Les secrets les mieux gardés et les plus lucratifs de Wall Street pourraient enfin devenir publics si les législateurs démocrates de New York adoptent un nouveau projet de loi obligeant les sociétés financières à montrer ce qu’elles font avec les centaines de milliards de dollars d’épargne-retraite des Américains.

La législation révolutionnaire, parrainée par le membre de l’Assemblée de New York Ron Kim, obligerait les responsables de l’État à divulguer les contrats régissant la manière dont les sociétés de capital-investissement, les sociétés immobilières et les fonds spéculatifs gèrent l’argent du système de retraite de New York.

Au cours des deux décennies qui se sont écoulées depuis que les systèmes de retraite publics ont commencé à canaliser l’argent des travailleurs vers ces investissements à haut risque et à frais élevés, les États et les villes ont dissimulé les contrats régissant les investissements de l’épargne-retraite de millions d’enseignants, de pompiers, de premiers intervenants et d’autres employés du gouvernement. Si la supermajorité démocrate de la législature de New York adopte le projet de loi de Kim, cela ouvrirait pour la première fois ces contrats à l’examen du public.

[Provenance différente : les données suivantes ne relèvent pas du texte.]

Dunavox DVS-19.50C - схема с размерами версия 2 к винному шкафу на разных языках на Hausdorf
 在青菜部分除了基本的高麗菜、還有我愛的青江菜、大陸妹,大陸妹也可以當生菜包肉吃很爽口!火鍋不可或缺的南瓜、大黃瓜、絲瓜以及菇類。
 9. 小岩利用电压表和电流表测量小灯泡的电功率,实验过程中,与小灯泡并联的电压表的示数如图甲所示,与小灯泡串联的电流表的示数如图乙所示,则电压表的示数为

“Les gestionnaires de portefeuille facturent à notre État des frais de gestion exorbitants tout en sous-performant le marché”, a déclaré Kim à propos de sa facture. « Pour ajouter l’insulte à l’injure, ces investissements accélèrent la crise climatique et détruisent le système de santé américain. Les titulaires de pension ont le droit de voir dans quoi leur argent durement gagné est investi, et les législateurs ont le droit de vérifier si ces fonds nous poussent plus loin dans la catastrophe climatique et détruisent les biens publics.

La bataille pour la transparence menace l’un des flux de trésorerie les plus essentiels de Wall Street. Au total, plus de 1,4 billion de dollars ont été acheminés des fonds de pension publics vers des «investissements alternatifs» comme le capital-investissement, les fonds spéculatifs et l’immobilier. En supposant le modèle de frais standard de l’industrie, ce paiement génère au moins 40 milliards de dollars par an en frais pour une industrie qui compte déjà certaines des personnes les plus riches de la planète. Ce groupe comprend des personnes comme l’allié majeur de Donald Trump, Stephen Schwarzman, qui a autrefois comparé les efforts tièdes d’Obama pour augmenter légèrement les impôts sur les sociétés de capital-investissement à l’invasion allemande nazie de la Pologne.

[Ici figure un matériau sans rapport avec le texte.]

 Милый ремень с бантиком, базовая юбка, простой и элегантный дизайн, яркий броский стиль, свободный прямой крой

L’initiative de Kim fait suite à la nouvelle selon laquelle l’une des sociétés de capital-investissement les plus célèbres de Wall Street a utilisé les économies des retraités de New York pour financer le rachat d’une importante société de foyers collectifs où la gestion axée sur les résultats a entraîné des décès et d’innombrables blessures parmi les personnes vulnérables avec handicapées.

Cette révélation fait suite à des scandales en cours dans des systèmes de retraite de plusieurs milliards de dollars à Washington, DC et en Pennsylvanie, dont les investissements dans les retraites dans des entreprises à frais élevés de Wall Street sont désormais examinés par les forces de l’ordre. Dans ce dernier cas, la sénatrice de l’État de Pennsylvanie, Katie Muth, également démocrate, a été contrainte d’intenter une action en justice pour avoir accès à des contrats et à d’autres documents d’investissement alternatifs, même si elle est membre du conseil d’administration du système de retraite des enseignants de Pennsylvanie.

Le fonds de pension de New York, qui couvre 1,1 million de membres, retraités et bénéficiaires, et travailleurs, est devenu une énorme source d’argent noir pour Wall Street. Le fonds est passé d’investir 14 % de son portefeuille dans des investissements alternatifs en 2004 à 25 % aujourd’hui, ce qui a donné 69 milliards de dollars de fonds de pension alloués aux entreprises d’investissement alternatif.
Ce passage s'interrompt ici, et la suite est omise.